Records to use section start
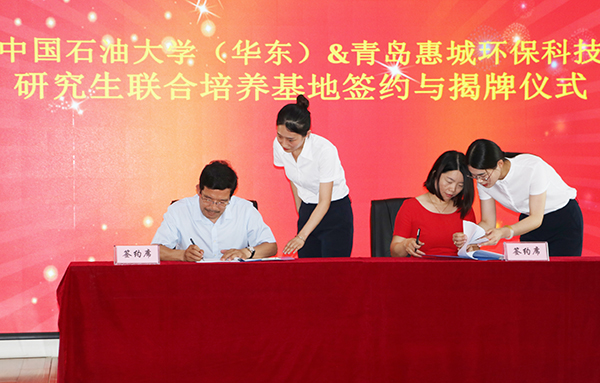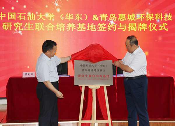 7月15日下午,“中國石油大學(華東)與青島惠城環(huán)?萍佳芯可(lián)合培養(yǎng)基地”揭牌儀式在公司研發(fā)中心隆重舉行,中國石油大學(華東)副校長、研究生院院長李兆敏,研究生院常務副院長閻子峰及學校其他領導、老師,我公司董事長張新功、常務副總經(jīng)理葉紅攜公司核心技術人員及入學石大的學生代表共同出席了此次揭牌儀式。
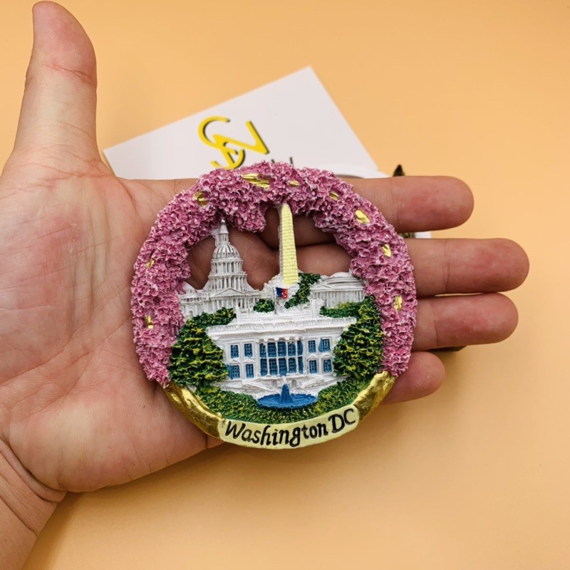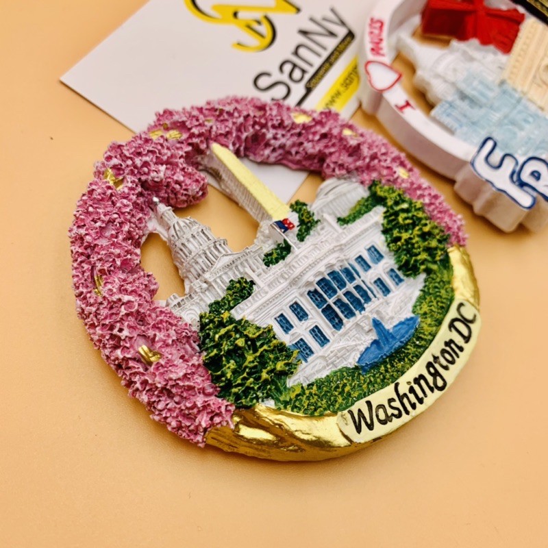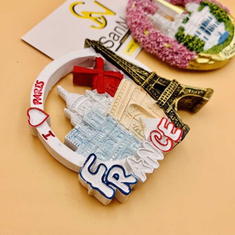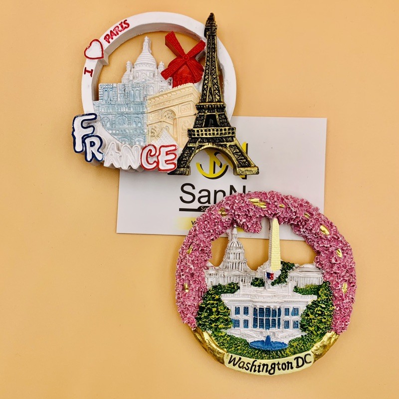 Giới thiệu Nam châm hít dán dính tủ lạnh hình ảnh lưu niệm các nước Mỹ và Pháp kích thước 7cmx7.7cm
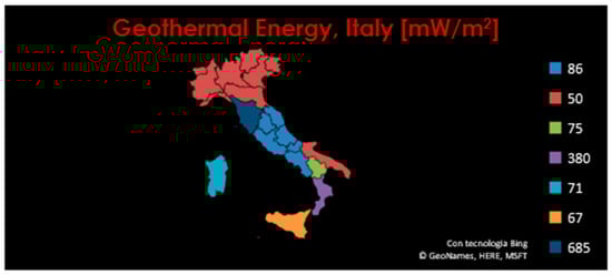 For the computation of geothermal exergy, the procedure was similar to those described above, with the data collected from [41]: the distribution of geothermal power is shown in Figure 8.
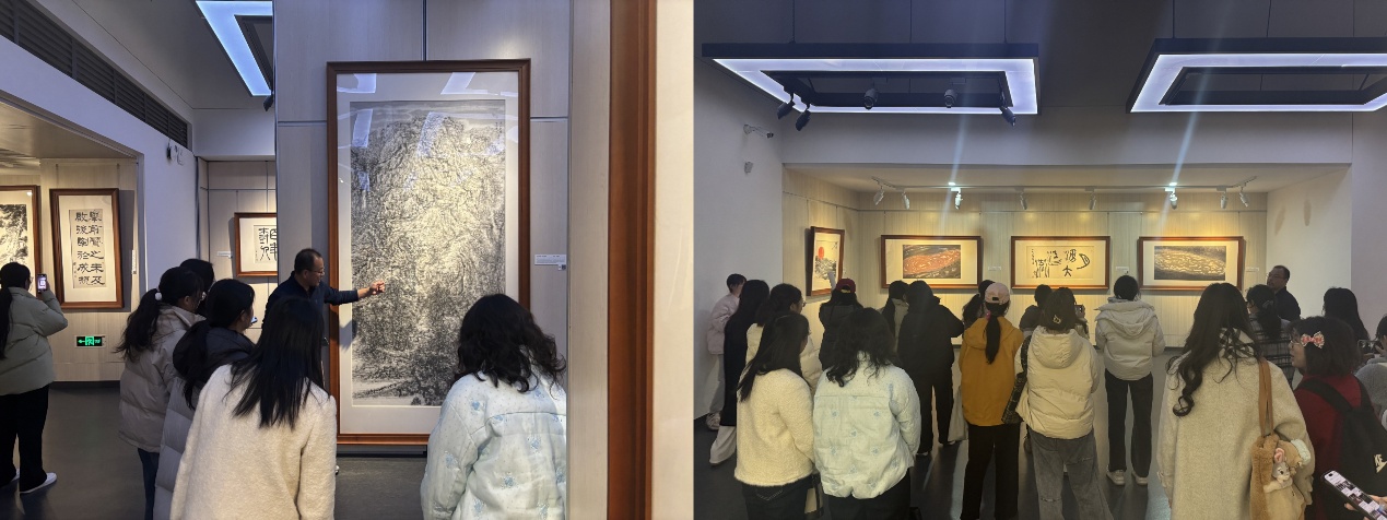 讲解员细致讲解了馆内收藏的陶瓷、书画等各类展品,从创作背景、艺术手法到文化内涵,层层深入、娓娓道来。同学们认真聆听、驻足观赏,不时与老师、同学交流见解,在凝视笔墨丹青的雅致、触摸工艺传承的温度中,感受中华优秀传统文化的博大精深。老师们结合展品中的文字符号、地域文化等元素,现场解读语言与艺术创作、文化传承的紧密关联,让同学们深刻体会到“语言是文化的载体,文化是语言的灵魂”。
Records to use section end
Records to use section start
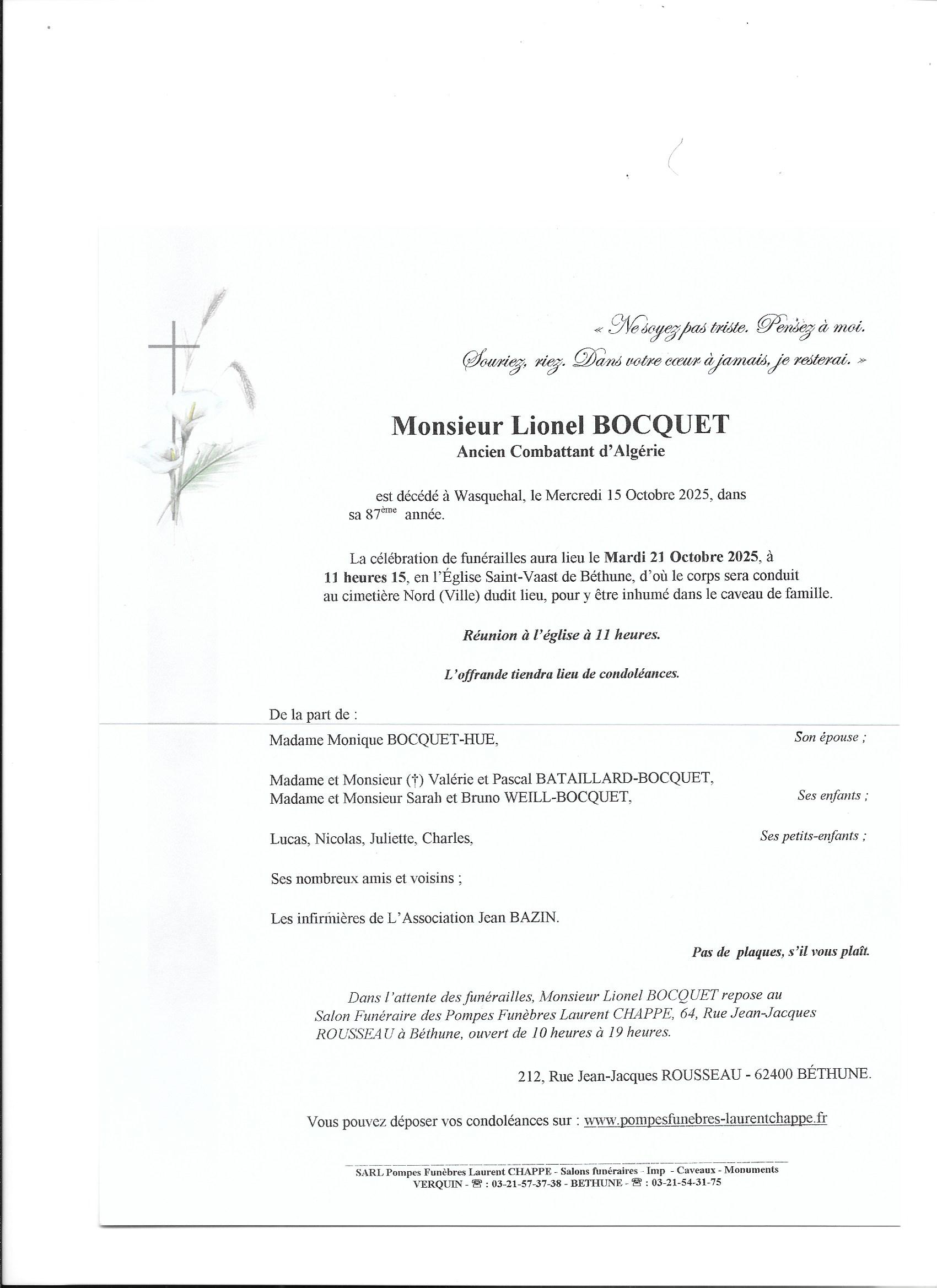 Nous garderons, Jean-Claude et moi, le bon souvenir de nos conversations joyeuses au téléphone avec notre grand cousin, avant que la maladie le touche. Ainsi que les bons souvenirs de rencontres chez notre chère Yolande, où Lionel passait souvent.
Records to use section end
Records to use section start
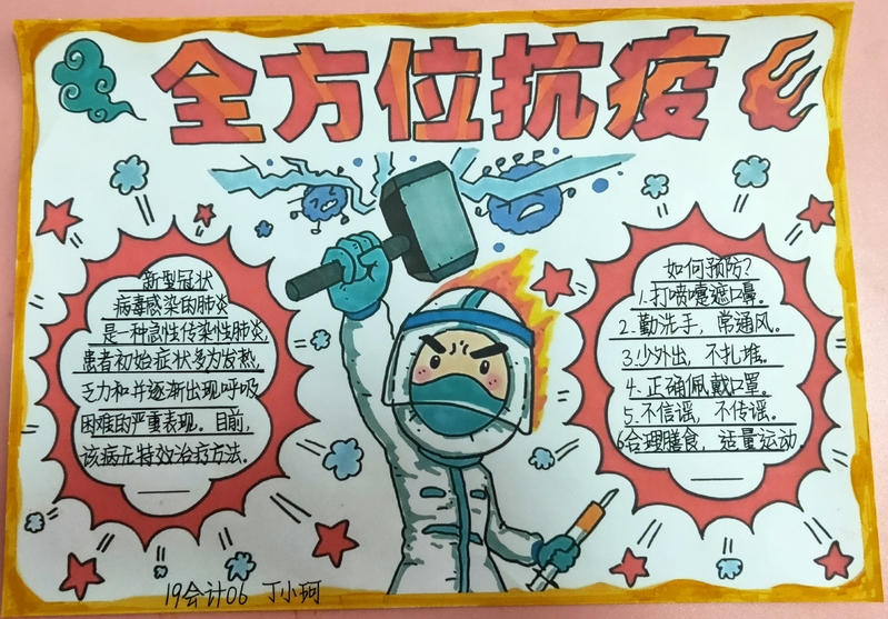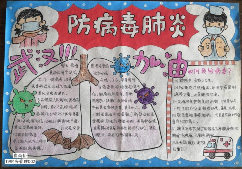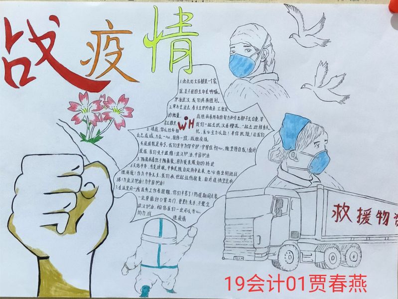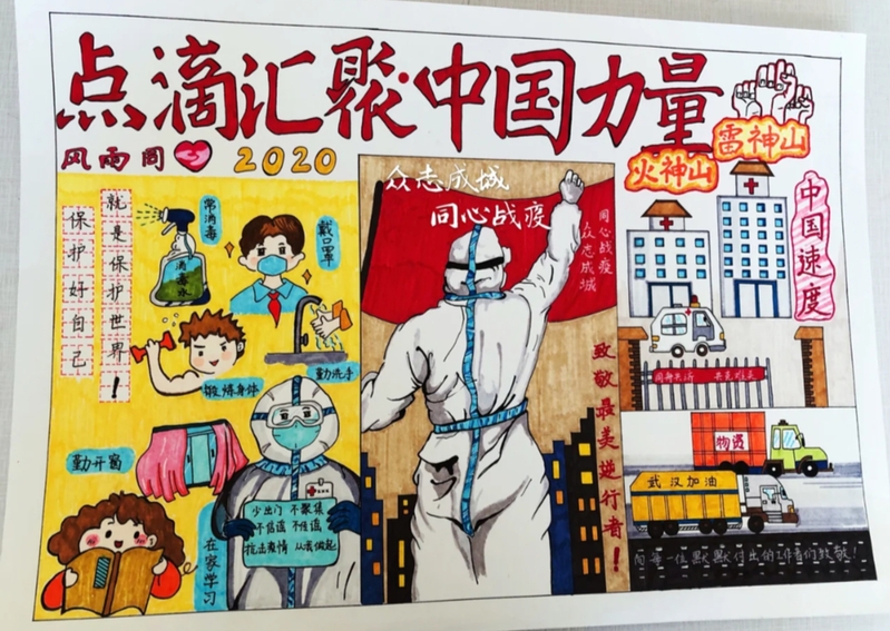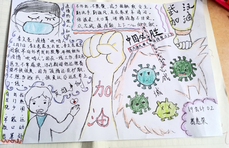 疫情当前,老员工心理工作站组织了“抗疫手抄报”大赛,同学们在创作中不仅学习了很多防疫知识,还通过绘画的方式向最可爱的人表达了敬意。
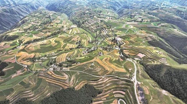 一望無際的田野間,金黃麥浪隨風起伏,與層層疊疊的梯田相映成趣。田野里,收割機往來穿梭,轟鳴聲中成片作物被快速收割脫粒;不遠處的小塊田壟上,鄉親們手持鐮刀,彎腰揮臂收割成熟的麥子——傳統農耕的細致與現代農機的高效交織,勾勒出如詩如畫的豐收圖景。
Records to use section end
**Task item**
Among the records above, locate the line containing "疫情当前,老员工心理工作站组" and the line containing "一望無際的田野間,金黃麥浪隨", then transcribe exactly the lines starting at the first and ending at the second, with no pictures.

**Written answer**
 疫情当前,老员工心理工作站组织了“抗疫手抄报”大赛,同学们在创作中不仅学习了很多防疫知识,还通过绘画的方式向最可爱的人表达了敬意。
 一望無際的田野間,金黃麥浪隨風起伏,與層層疊疊的梯田相映成趣。田野里,收割機往來穿梭,轟鳴聲中成片作物被快速收割脫粒;不遠處的小塊田壟上,鄉親們手持鐮刀,彎腰揮臂收割成熟的麥子——傳統農耕的細致與現代農機的高效交織,勾勒出如詩如畫的豐收圖景。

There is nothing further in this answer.